Sunday 17 January 2016

Book ~ "Muddy York: A History of Toronto until 1834" (2015) Richard Fiennes-Clinton

From Goodreads ~ In 1793, John Graves Simcoe established a plot of land along the shores of Lake Ontario as the site for the new capital of Upper Canada, which he named York. This engaging popular history provides a comprehensive overview of the early days of settlement, the devastation of the Battle of York, the emergence of industry and commerce, and introduces eminent families. 

 Emphasis is placed on the development of a streetscape, the built heritage of the time, and the people who laid the foundation for the emergence of Toronto in 1834. Significant participants are presented in the context of where they lived and worked, and major events in the life of York are introduced through the eyes of the people who witnessed them and the landmarks that shaped the town.

Richard Fiennes-Clinton is the owner of Muddy York Walking Tours.  Since 1997, he has been conducting a variety of tours and introducing visitors and residents to the secrets behind Toronto.  After reading his book, it's obvious he knows his stuff!

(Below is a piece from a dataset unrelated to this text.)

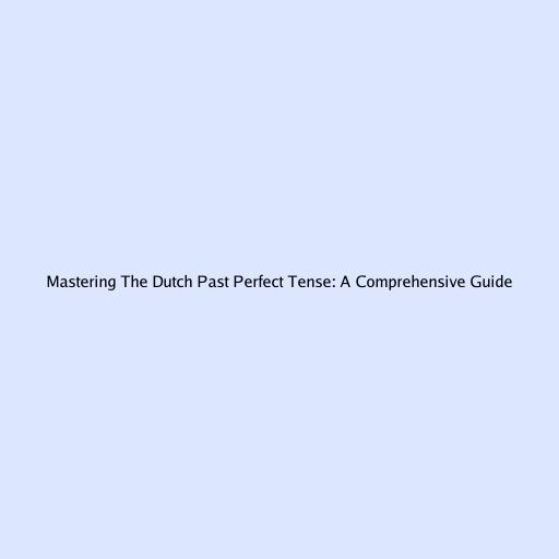 Mastering the Dutch Past Perfect Tense: A Comprehensive Guide

I was attracted to this book because  I am interested in the history of Toronto.  I knew some of its history but I learned a lot more.  It's amazing how intertwined the early families of York were as friends and with intermarriage.

This book covers the history of Toronto (aka Muddy York) from prehistoric times to 1834.  The chapters include:
  1. Prehistoric Toronto
  2. Toronto's first people
  3. Algonquian and Iroquoian people
  4. Toronto under the French crown
  5. Colonies in crisis
  6. Founding of the Town of York
  7. A biography of the Simcoes
  8. Early settlement near York
  9. The streets of York
  10. The major events around York - with emphasis on the War of 1812 and the Rebellion of 1837
  11. The buildings around York

I enjoyed this book and would recommend it.  I liked the writing style.  There is a lot of information but I didn't find that it dragged or was boring.  The way that it's written, you can read it from front to back (like I did) or you can turn to specific sections that interest you.

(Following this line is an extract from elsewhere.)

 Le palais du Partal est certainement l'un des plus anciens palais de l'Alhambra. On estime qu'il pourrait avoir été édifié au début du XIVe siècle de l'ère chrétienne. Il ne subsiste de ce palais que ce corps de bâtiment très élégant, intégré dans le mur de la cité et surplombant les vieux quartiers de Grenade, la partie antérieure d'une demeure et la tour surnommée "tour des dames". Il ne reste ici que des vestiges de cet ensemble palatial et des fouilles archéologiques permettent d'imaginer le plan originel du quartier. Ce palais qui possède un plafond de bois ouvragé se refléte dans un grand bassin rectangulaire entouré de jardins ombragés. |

It was interesting to read about the history of the streets of York/Toronto, how they got their names and if they still exist today.  The same goes for the buildings around York.  There was a great amount of background about them and in most cases, a picture of what they used to look like.  It would have been nice to have a map with the buildings plotted and a picture of what the location looks like today since most of the buildings are unfortunately not around.